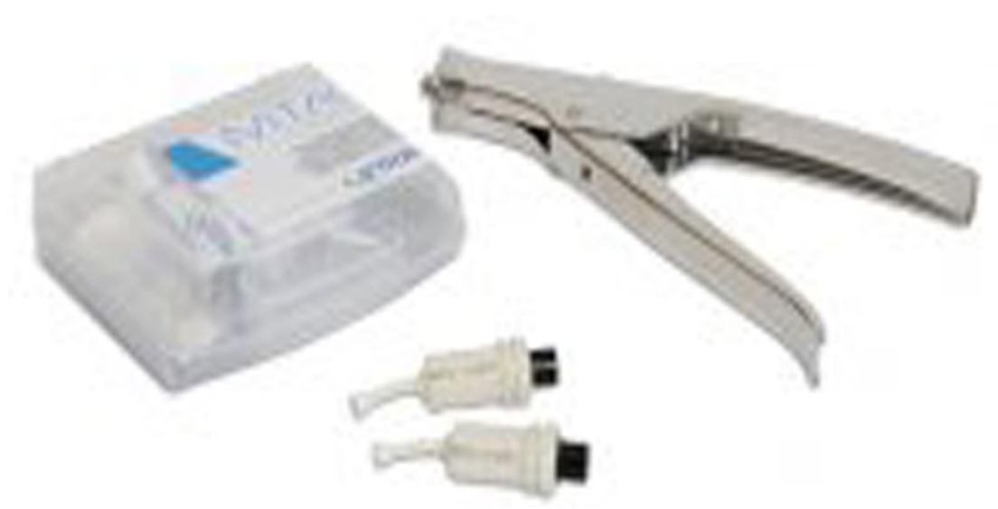
Slika 12. MTA Caps. Preuzeto iz: (47).

tekućinama (45). Biodentin (slika 12.) je materijal temeljen na kalcij silikatu kojeg odlikuju brzo stvrdnjavanje i jednostavno rukovanje (45). Biokeramički materijali (slika 13.) su biokompatibilni, radiokontrastni, bioaktivni, induciraju reparaciju i regeneraciju parodontnih tkiva, imaju visoku pH vrijednost te djeluju antimikrobno (46).
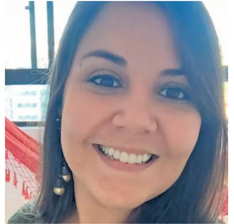
A vítima e o acusado estavam juntos há oito meses
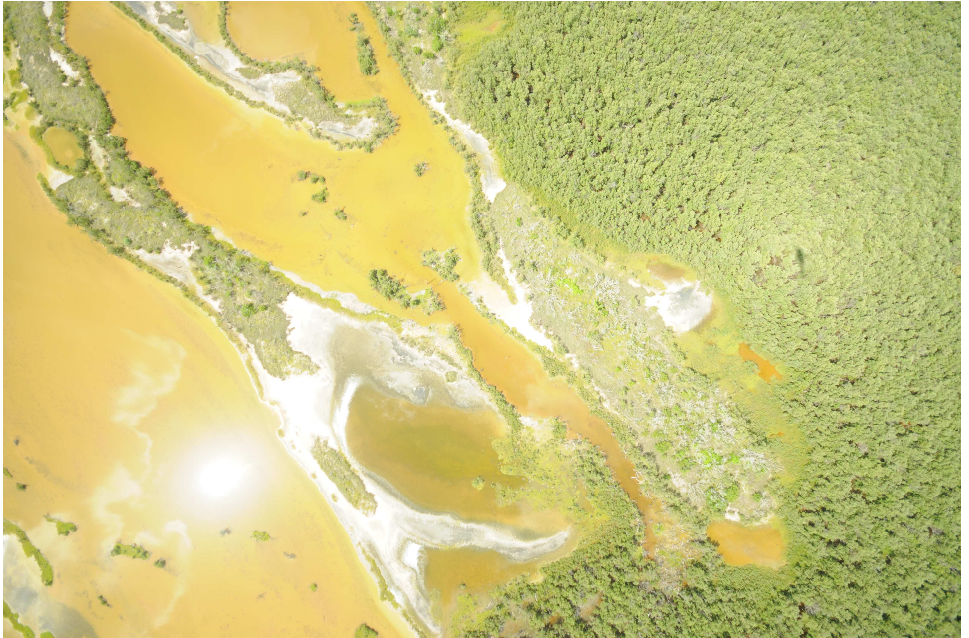
Fig. 2. Manglares de Celestún, Yucatán – Campeche. CONABIO – SEMAR / J. Díaz (2008). Fotografía aérea vertical.
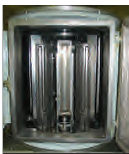
Рис.5. Рабочая камера установки Каролина D-12B

Эта установка создана на основе системы Каролина D-12B и предназначена для применения в особо чистых производствах. Для этого Каролина D-12B снабжена специальной плоской панелью, отделяющей чистую комнату от помещения, в котором размещается собственно установка. Вакуумная камера имеет прямоугольную дверь большого размера для удобства загрузки-выгрузки носителей. В чистую комнату открывается только загрузочная дверь. На панели крепится дублирующий дисплей системы управления работой установки. Таким образом, Каролина D-12B может управляться как из чистой комнаты, так и из менее чистого производственного помещения.
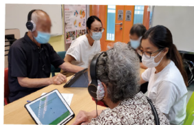
▲ 使用電子程式為年長人士進行認知能力測試
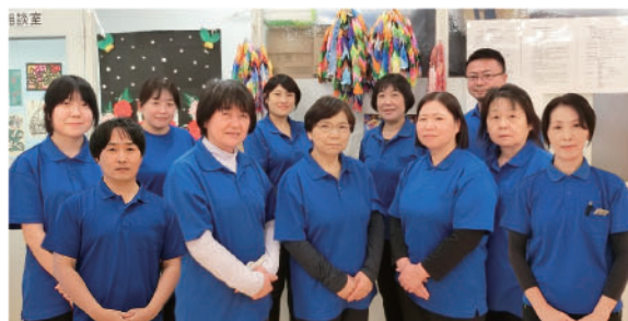
デイセンターごがく職員

食事や入浴などの支援や心身の機能を維持・向上するための運動やレクリエーションなどを日帰りで行い、福祉サービスの情報発信と相談機能の充実を図りながら地域に愛される事業所を目指しています。
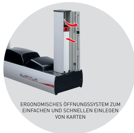
ERGONOMISCHES ÖFFNUNGSSYSTEM ZUM EINFACHEN UND SCHNELLEN EINLEGEN VON KARTEN
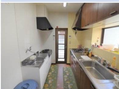
ห้องครัว
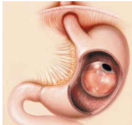
Das BIB-System positioniert im Magen

denen ein Arzt das Hilfsmittel zur Gewichtsreduktion oral

What is needed
Pictures excluded, return exactly the lines from the one with "デイセンターごがく職員" through the final line of the entries above, both included.

The completed task
デイセンターごがく職員

食事や入浴などの支援や心身の機能を維持・向上するための運動やレクリエーションなどを日帰りで行い、福祉サービスの情報発信と相談機能の充実を図りながら地域に愛される事業所を目指しています。
ERGONOMISCHES ÖFFNUNGSSYSTEM ZUM EINFACHEN UND SCHNELLEN EINLEGEN VON KARTEN
ห้องครัว
Das BIB-System positioniert im Magen

denen ein Arzt das Hilfsmittel zur Gewichtsreduktion oral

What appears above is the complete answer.